In Harvard Abstract Algebra lectures (video here, minute 50:06), professor Gross shows the groups $G=\mathbb{Z}\big /4\mathbb{Z}$ and $H=2\mathbb{Z}\big /4\mathbb{Z}$ as an example in which a subgroup $H$ of a group $G$ does not map isomorphically to the quotient group $G\big/H$.
However, in order to convince myself I've tried to find an isomorphism between the two hoping to fail, but I am seeing there is a map that to me satisfies the conditions for an isomorphism:
$$\varphi: H\longrightarrow G\big/H$$
where these groups can be more explicitly written $H=\{0+4\mathbb{Z},\enspace2+4\mathbb{Z}\}$ and $G\big/H=\{ \underbrace{(0+4\mathbb{Z}) + H}_{=\{ 0+4\mathbb{Z}, \enspace 2+4\mathbb{Z}\}},\enspace \underbrace{(1+4\mathbb{Z})+H}_{=\{ 1+4\mathbb{Z}, \enspace 3+4\mathbb{Z}\}}\}$. Which I define as the map that sends the elements: $$0+4\mathbb{Z}\longmapsto (0+4\mathbb{Z}) + H \\ 2+4\mathbb{Z}\longmapsto (1+4\mathbb{Z}) + H$$
and, which the explicit definition I give is bijective, and which I verify is homomorphic.

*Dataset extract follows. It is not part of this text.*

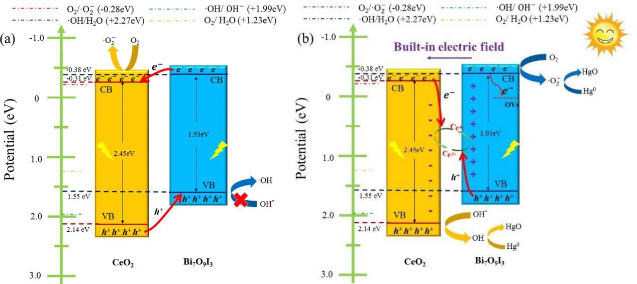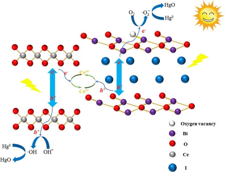 根据最新ESI数据库更新情况,356体育在线官网吴江教授重金属污染控制实验室于2022年1月在高水平国际期刊《Chemical Engineering Journal》 (SCI一区顶级,IF:16.744)上发表的论文”Rational design of CeO2/Bi7O9I3 flower-like nanosphere with Z-scheme heterojunction and oxygen vacancy for enhancing photocatalytic activity” (DOI:10.1016/j.cej.2021.133254)入选ESI高被引论文。论文第一作者为2019级硕士研究生刘国龙,通讯作者为吴江教授。促进电子转移和保留具有高氧化还原性能的光生载流子对净化光催化反应中的污染物具有重要意义。该研究通过溶剂热法巧妙设计并合成了具有Z型异质结和氧空位的CeO2/Bi7O9I3花状纳米球,用于光催化深度净化烟气汞。丰富的氧空位缺陷可以作为电子陷阱加速电子转移。CeO2与Bi7O9I3之间形成内建电场,为载流子分离及迁移提供内在驱动力,使光电子沿Z-scheme路径转移。Z型异质结和氧空位的双重作用显著不仅促进了电子转移,还保留了具有高氧化还原能力的载流子,使得CeO2/Bi7O9I3光催化剂具有优异的光催化氧化Hg0性能。这项工作为开发具有Z型异质结和氧空位的光催化剂提供了新的方向。

For example:
$\varphi( \underbrace{\left(0+4\mathbb{Z}\right) + \left(2+4\mathbb{Z}\right)}_{=(0+2)+4\mathbb{Z}=2+4\mathbb{Z}}) = \varphi(2+4\mathbb{Z})=(1+4\mathbb{Z}) + H = \left( \left(0+4\mathbb{Z}\right) + \left(1+4\mathbb{Z}\right)\right)+H= \underbrace{\left(0+4\mathbb{Z}\right) + H}_{\varphi(0+4\mathbb{Z})} + \underbrace{\left(1+4\mathbb{Z}\right) + H}_{\varphi(2+4\mathbb{Z})}$
The professor claims that every of the two elements of $H$ map to $H$, that none go to the other coset.
Could someone please help me to clarify this?